Reports of subway sex crimes rise over three year period, including ‘grinding’ and public lewdness
Albany, NY — The New York State Senate passed legislation sponsored by Senator Diane Savino (D-SI/Brooklyn) on Wednesday to stiffen penalties for subway predators who forcibly touch or “grind” on passengers or expose themselves on public transportation.
The bill passed 57 to 5.
“We need to stop subway grinders in their tracks and increasing penalties is a major deterrent to this abhorrent behavior. Subway grinding and lewdness are serious crimes that threaten and humiliate victims who are simply trying to get to school, work or home. My legislation treats these crimes seriously and I hope we can finally make this law,” said Senator Savino.

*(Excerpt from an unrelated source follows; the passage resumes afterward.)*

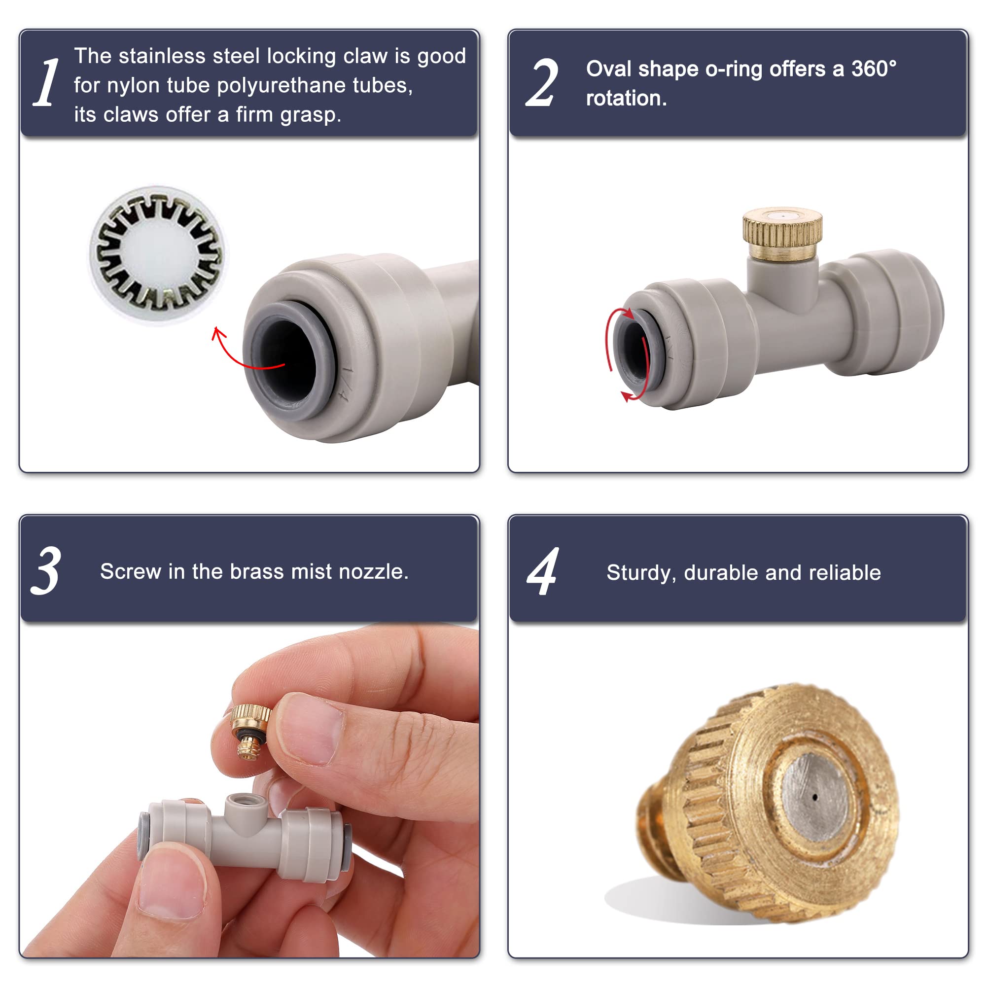 Lot Système de brumisation haute pression 20 buses Kit parasol 8... Conception à l'épreuve des fuites: chaque buse est équipée d'un anneau d'étanchéité pour éviter les fuites d'eau, garantissant que votre système de brumisation fonctionne efficacement et sans gaspillage., ., Pulvérisation de buse de tuyau de buse Ensemble complet: Ce kit comprend 20 t-shirts de buse en laiton et 4 bouchons d'extrémité, garantissant que vous avez tout ce dont vous avez besoin pour créer votre système de brumisation personnalisé., ., Avec suffisamment de buses pour une utilisation quotidienne, vous aurez beaucoup de remplacements disponibles., ., Jardin de buse de pulvérisateur Buse De Brumisation Pour Jardin Lot De 20 Buses De Brumisation Coulissantes De 6,35 Mm, Pulvérisateur De Tuyau Avec 4 Bouchons D'extrémité, Système De Refroidissement Pour Système De Brumisation Extérieur Lot Buses Brumisation Raccords T 1/4 Pouce Construction robuste: en laiton et en plastique, ces buses de brumisation sont résistantes à la rouille, à la corrosion et à la déformation., ., Leur conception garantit des performances durables, ce qui en fait un choix fiable pour votre système de brumisation., ., Buse de pulvérisation du système de brume Installation facile : conçu pour s'adapter à un tuyau de 6,35 mm, il suffit d'insérer le tuyau dans l'orifice bleu de la base de la buse de brumisation et de le fixer Description: Transformez votre espace extérieur en un endroit cool et rafraîchissant avec les buses de brumisation de 20pcs., ., Cet ensemble comprend 20 buses de brumisation, 4 bouchons d'extrémité et 1/4 t-shirts de buse monsieur., ., Parfait pour construire votre propre système de brumisation extérieure pour le refroidissement, l'arrosage des plantes et plus encore., ., Idéal pour les jardins, les patios, les terrasses, les piscines, les abris d'animaux et toutes les zones extérieures nécessitant une touche de refroidissement., ., Fonctionnalités:., ., Builles de brouillage., ., -Color: ., ., -Material: PPE., ., -Size: 4x1,8 cm / 1., 57x0,71 pouces., ., -SUSIBLE POUR 1/4 Tubes., ., Remarque: Mesure manuelle, veuillez prévoir de légères erreurs sur la taille., ., Les couleurs peuvent exister une légère différence en raison de différents écrans., ., Package incluant 20 * BOOTS DE MORT Lot de 20 buses de brumisation en laiton avec raccords coulissants de 6

On Tuesday, Senator Savino released “Perverted Justice: How Subway Grinders Continue to Victimize New Yorkers,” which examines the alarming increase in sex crimes reported on the city’s subway system since 2014.

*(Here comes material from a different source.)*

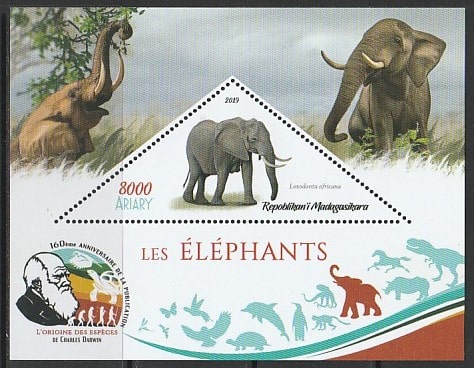 Мадагаскар 2019 год. Слоны, блок (III) Сувенирный выпуск.

Sex crimes on the subway are on the rise by over 51.7 percent over a three-year period due to an increase in reporting.
The MTA in recent years has made it easier to report sex crimes on the transit system, creating an online page that allows victims to report incidents and upload photos or audio files. The report found a sizeable increase in reports since 2014 when victims reported 620 sex crimes, followed by 738 in 2015 and 941 in 2016. There’s been a 9% increase from January 1, 2017 to May 28, 2017 from the same point in time last year.
The report also looked at the category of offenses, finding a sizeable increase in forcible touching from 2015-2016. An increase in public lewdness was also found.
Unfortunately, most of those arrested are repeat offenders who either evade prosecution or serve minimal incarceration, resulting in their ability to continue to victimize subway passengers.
“Subway grinders” earned the moniker for sidling up to victims on crowded subway cars and rubbing against them. Under Senator Savino’s legislation, forcible touching or “grinding” on public transportation would become a Class-D felony punishable by up to one-to-seven years imprisonment. This crime currently carries an impotent misdemeanor penalty of one-year in prison and most offenders wind up with little to no jail time.
The penalty for an act of public lewdness on public transportation, another provision of Senator Savino’s legislation, would increase from three-months to one-year in prison.